Primary Care Coding Alert

Reader Question:

Mini-Mental Status Exam

Question: We had a 78-year-old patient present with dizziness. The patient's son accompanied him to the visit and informed the physician that his father was having trouble recognizing friends and family and that his hygiene habits were deteriorating. After evaluating the patient's symptoms, the doctor conducted a mini-mental status examination (MMSE). What code should we use for the MMSE? Florida Subscriber Answer: The MMSE is included in the E/M service. In this case, you can only use an E/M office visit code (99201-99215), but you can factor in the MMSE when determining the level.

Usually the family physician conducts an MMSE on patients with symptoms of early-stage memory loss or poor cognitive functioning. It helps the physician to diagnosis dementia, such as Alzheimer's disease. The exam consists of 10-15 minutes of basic questions to determine the patient's mental status.

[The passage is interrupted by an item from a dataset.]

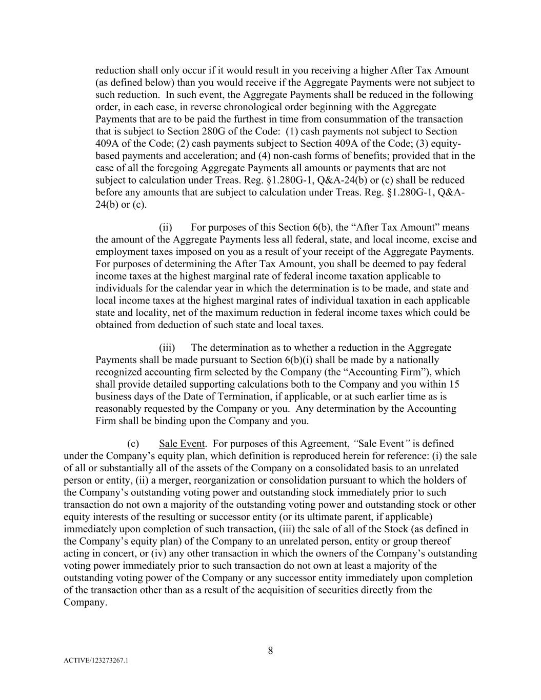 ACTIVE/123273267.1 8 reduction shall only occur if it would result in you receiving a higher After Tax Amount (as defined below) than you would receive if the Aggregate Payments were not subject to such reduction. In such event, the Aggregate Payments shall be reduced in the following order, in each case, in reverse chronological order beginning with the Aggregate Payments that are to be paid the furthest in time from consummation of the transaction that is subject to Section 280G of the Code: (1) cash payments not subject to Section 409A of the Code; (2) cash payments subject to Section 409A of the Code; (3) equity- based payments and acceleration; and (4) non-cash forms of benefits; provided that in the case of all the foregoing Aggregate Payments all amounts or payments that are not subject to calculation under Treas. Reg. §1.280G-1, Q&A-24(b) or (c) shall be reduced before any amounts that are subject to calculation under Treas. Reg. §1.280G-1, Q&A- 24(b) or (c). (ii) For purposes of this Section 6(b), the “After Tax Amount” means the amount of the Aggregate Payments less all federal, state, and local income, excise and employment taxes imposed on you as a result of your receipt of the Aggregate Payments. For purposes of determining the After Tax Amount, you shall be deemed to pay federal income taxes at the highest marginal rate of federal income taxation applicable to individuals for the calendar year in which the determination is to be made, and state and local income taxes at the highest marginal rates of individual taxation in each applicable state and locality, net of the maximum reduction in federal income taxes which could be obtained from deduction of such state and local taxes. (iii) The determination as to whether a reduction in the Aggregate Payments shall be made pursuant to Section 6(b)(i) shall be made by a nationally recognized accounting firm selected by the Company (the “Accounting Firm”), which shall provide detailed supporting calculations both to the Company and you within 15 business days of the Date of Termination, if applicable, or at such earlier time as is reasonably requested by the Company or you. Any determination by the Accounting Firm shall be binding upon the Company and you. (c) Sale Event. For purposes of this Agreement, “Sale Event” is defined under the Company’s equity plan, which definition is reproduced herein for reference: (i) the sale of all or substantially all of the assets of the Company on a consolidated basis to an unrelated person or entity, (ii) a merger, reorganization or consolidation pursuant to which the holders of the Company’s outstanding voting power and outstanding stock immediately prior to such transaction do not own a majority of the outstanding voting power and outstanding stock or other equity interests of the resulting or successor entity (or its ultimate parent, if applicable) immediately upon completion of such transaction, (iii) the sale of all of the Stock (as defined in the Company’s equity plan) of the Company to an unrelated person, entity or group thereof acting in concert, or (iv) any other transaction in which the owners of the Company’s outstanding voting power immediately prior to such transaction do not own at least a majority of the outstanding voting power of the Company or any successor entity immediately upon completion of the transaction other than as a result of the acquisition of securities directly from the Company.

Some coders make the mistake of using 96115 (Neurobehavioral status exam [clinical assessment of thinking, reasoning and judgment, e.g., acquired knowledge, attention, memory, visual spatial abilities, language functions, planning] with interpretation and report, per hour) for the MMSE. But this code is for a specific psychological test that determines the patient's neurobehavioral status. Although this code and 96100-96117 (Central nervous system assessments/tests [e.g., neuro-cognitive, mental status, speech testing]) may be reimbursed by some payers for reporting an MMSE, they are incorrect for this purpose.